The target profiles of the drugs are shown in Additional file 3. Figures 2 and

Briefly, after incubat ing the cells in the presence of MTT at 37 C for 1. 5 hours, the supernatant was discarded and the intracellular formazan was solubilized with 95% isopropanol 5% formic acid. Absorbance was read at 550 nm using a microplate reader. Cytotoxicity ABT-888 ic50 was determined in the kinetic experiments after 24 hr substrate exposure, thereby ensuring that a substrate exposure of up to 30 min will not encompass substrate cytotoxicity. Conversely, in the transport induc tion experiments cytotoxicity was determined after 24, 48, 72 and 96 hours of exposure. All assays were performed with the respective vehicle controls and cadmium chloride as positive control. Transporter induction experiments For transporter induction experiments, freshly isolated PKC cells were seeded on 6 well ThinCert PET tissue culture inserts in standard cul ture medium and medium was changed every 48 hours.

Cell cultures formed a tight monolayer on day 7 of cul ture, which was confirmed microscopically before use. At this time point medium was changed again Afatinib 分子量 and incu bations with potential transporter inducers were started by adding 50 nM or 1 uM of bromosulphophthalein, p aminohippuric acid, taurocholic acid, triiodothyronine, dehydroepiandrosteron sulfate, testosterone and dexame thasone to the basolateral compartment. After 48 hours of exposure, samples for RNA extraction were prepared by standard trypsin EDTA treatment followed by washing with PBS. Resulting cell pellets were snap frozen and stored at −80 C until use.

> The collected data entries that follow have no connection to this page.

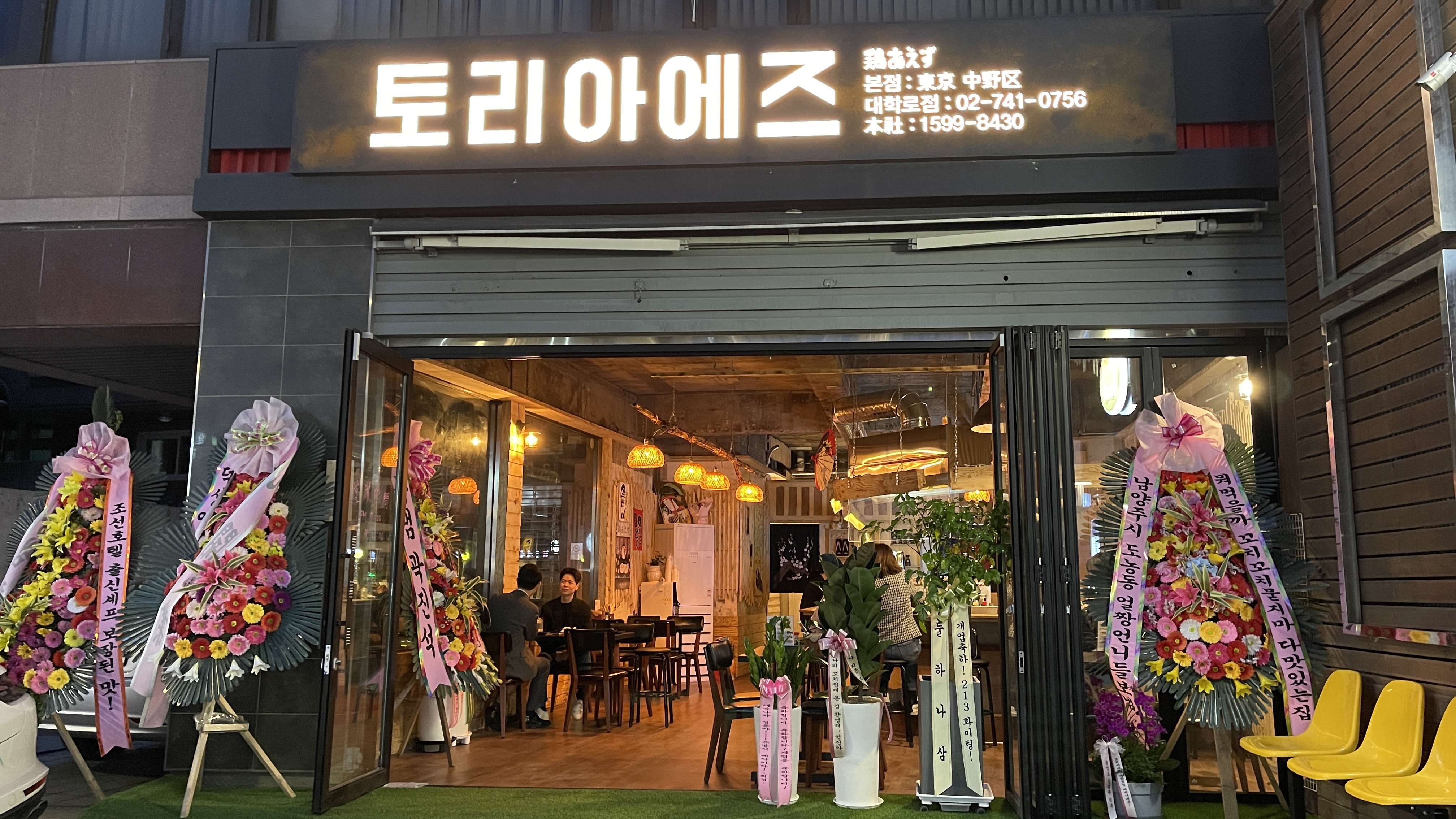 혜화역 4번출구에서 나와 cgv앞을 지나 성대 쪽으로 가는 4거리 쪽에 위치한 대학로 토리아에즈. 알고 보니 꼬치 체인점이더라구요. 직접 꼬치를 잘생기고 친절하신 사장님께서 구워주시는 고급진 혜화 데이트 맛집이었습니다.
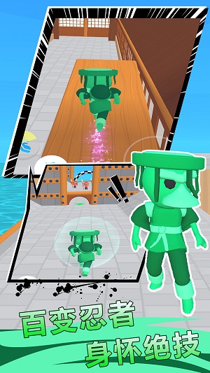 在游戏中,你将操纵忍者进行闯关,在关卡中,你需要合理运用技能,进行躲避,攻击,快速达到终点。
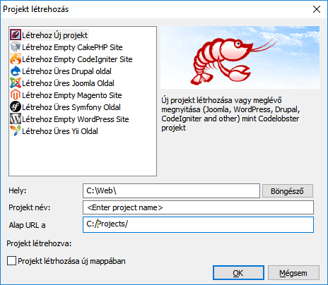 Támogatja a különféle CMS-eket, keretrendszereket, lehetőség van projektek létrehozására (de egyszerű fájlokkal is dolgozhatunk)
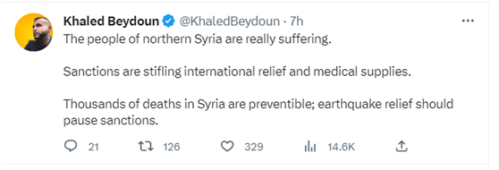 美国韦恩州立大学法学教授哈立德·贝杜恩在推特上说:“叙利亚北部的人民真的很痛苦。制裁扼杀了国际救援和医疗物资。叙利亚数千人的死亡是可以预防的;抗震救灾应暂停制裁。”

RNA extraction and RT PCR analysis Total RNA was prepared from cell pellets and minced pieces of tissue via the phenol chloroform method using AG-1478 価格 Trizol. Concentration and quality was esti mated via 260 280 nm values. Representative samples were tested for RNA integrity via denaturing electrophor esis. cDNA was prepared using 1 ug total RNA, Oligo 18 and M MuLV reverse transcriptase according to manufacturers instructions. PCR was performed using 2 ul cDNA sample, 2 × PCR Master Mix, specific primers. Amplification was performed with an initial denaturation step at 92 C for 3 min followed by 30 cycles of 94 C for 60 sec, 58 C for 60 sec and 72 C for 60 sec and a final extension step at 72 C for 7 min. PCR products were separated on 1. 5% agarose gels with 1 × TAE buffer and stained with ethidium bromide. A MultiDoc It digital imaging system was used for photographic documentation.

All nucleic acid analyses were performed with appropri ate control samples in parallel. PCR products were sent to MWG, MWG Biotech AG, Ebersberg, Germany for automated sequence analysis. Protein preparation and analysis Enriched membrane protein fractions were prepared according to Scalera et al. with modifications. Briefly, cell pellets or minced tissue pieces were resuspended in sucrose buffer, 1 mM EDTA, 1 mM PMSF using a ratio of ap proximately 1,5. Crude homogenates were prepared using a motor driven teflon potter followed by an ultra sound step at 4 C. Cellular debris was removed by centri fugation and the supernatants were centrifuged again. The pale frac tions of the pellets were combined with the supernatants and centrifuged.